A scene from YouTube’s “Tour of a Crack House,” filmed in Atlanta last year.

By Patrick Bray

The YouTube video “Tour of a Crack House,” allegedly shot in Atlanta last year and narrated by a character who calls himself “the zookeeper,” is footage of every neighborhood association’s nightmare. The house is utterly destroyed, with trash and human feces everywhere. Another YouTube oddity?
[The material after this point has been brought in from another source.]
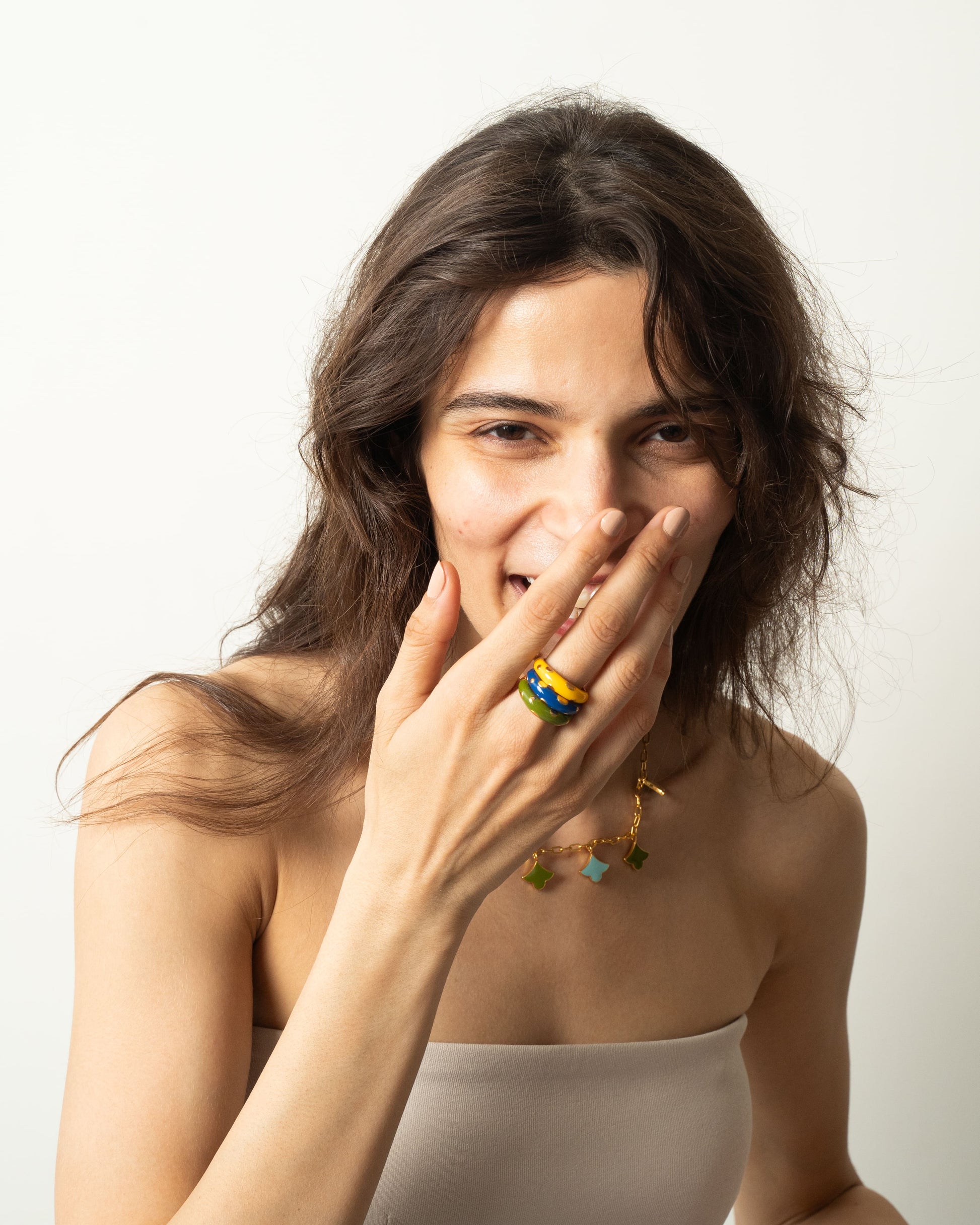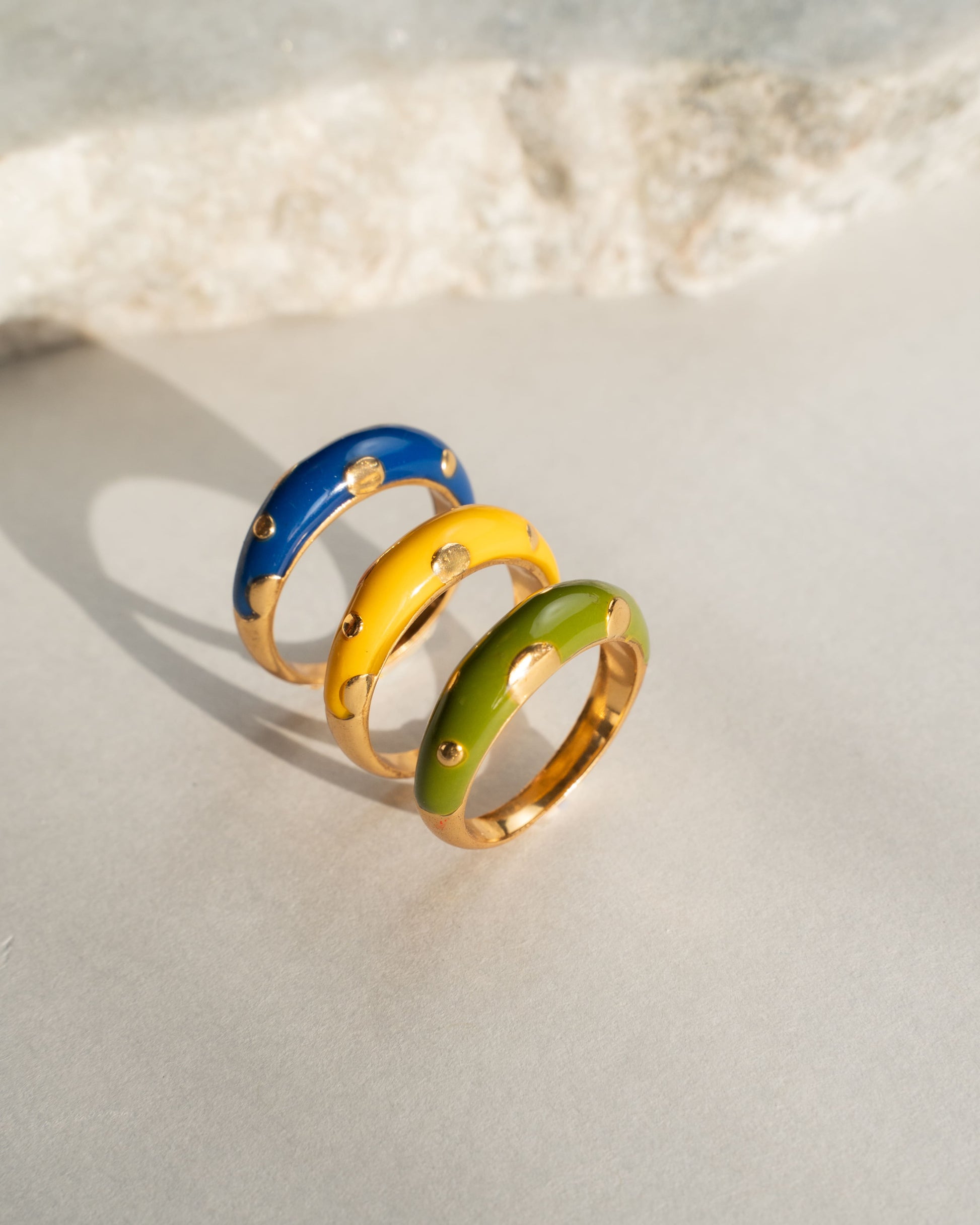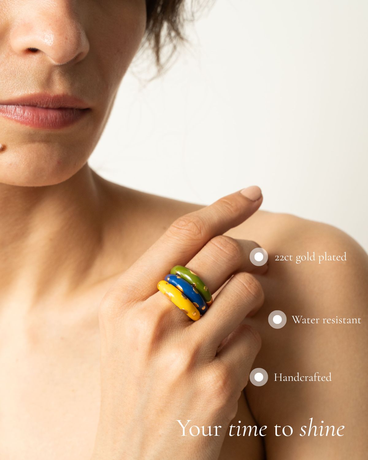 Each piece is handcrafted by our artisans in high-grade brass. Our rings are handcrafted in modern meenakari and come packaged in our signature gift box, making it the perfect gift.

Not really.

According to experts in real estate, criminal justice and urban renewal, foreclosed homes, closed-up businesses, and urban decay all contribute to the growth of crack houses in Atlanta’s neighborhoods. 
          
Philippe Pellerin, who has been in commercial real estate for several years, helped shut down a crack house across the street from his own home.
              
“There were drive-bys, vagrants hanging around constantly soliciting for something. There was even a dead body in my driveway when I got home one day,” he says.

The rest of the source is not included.